Each of these guys is promising in their own ways. Cottom is absolutely huge for a running back at 6'4" 255. He has some Ennis potential too based on his sheer size, but he'll probably redshirt this year unless we need him. Hunt and Gentry are both more likely speed backs, with Hunt having some Bolden potential at 5'9" 175. We should expect them to redshirt as well unless needed.
Deep reserve Scholarship guys:
Both of guys are transfers over from the defense and have yet to have a truly defined role within the offense. Jackson was at fullback all of last year and saw his first career action on special teams. Originally a linebacker, he is behind Crank at fullback officially as the #2 guy there, but Pegram seems to be moving into that #2 fullback role.
Roberts was a defensive back his first two years at Purdue and had two tackles in 2009. Since moving to running back he hasn't played at all.
Hill comes in as a true freshman from the same high school as Jared Sullinger, while Freytag was an effective fullback at Carmel. Both of them are probably scout team guys at best for now, and will only likely see action in the biggest of blowouts.

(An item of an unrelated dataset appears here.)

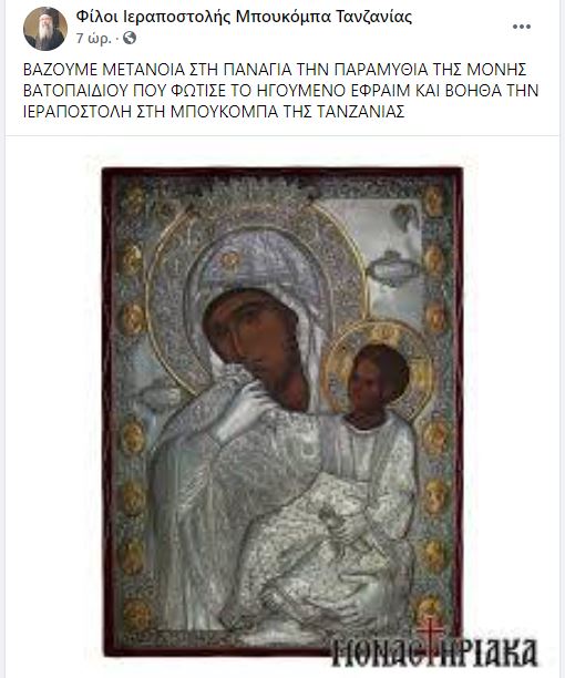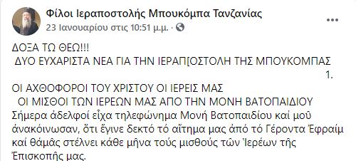 Στην ανάρτηση τονίζεται ότι η Ιερά Μεγίστη Μονή Βατοπαιδίου αποφάσισε να αποδεχθεί σχετικό αίτημα της Επισκοπής Μπουκόμπα του Πατριαρχείου Αλεξανδρείας, και αναλαμβάνει να στέλνει κάθε μήνα τους μισθούς των Ιερέων.

Special Mention: Sean Matti (Sr. 5)
Matti's time at Purdue has been covered extensively this summer since his passing in early July. He was the personification of what it means to be a hard worker in practice, and had he not passed he likely would have been rewarded some time this season with his first career carry. This is Sean's season, with the team dedicating their effort to his memory.
I am very excited about the running game because I think it can be productive enough to carry the day while the passing game develops. We open the season with three straight games that are very winnable. In that time the winner of the quarterback derby will be able to develop while Bolden and Shavers can work moving the chains with consistency. Yes, we ran for a lot of yards last year, but we were never able to generate the consistency needed to sustain drives. It seemed like we didn't have much trouble breaking the big runs, but getting the 3-4 yard runs needed to keep drives alive was tough.
We're healthier at the position than we have been since 2009. There is plenty of talent there too. That should pay some huge dividends.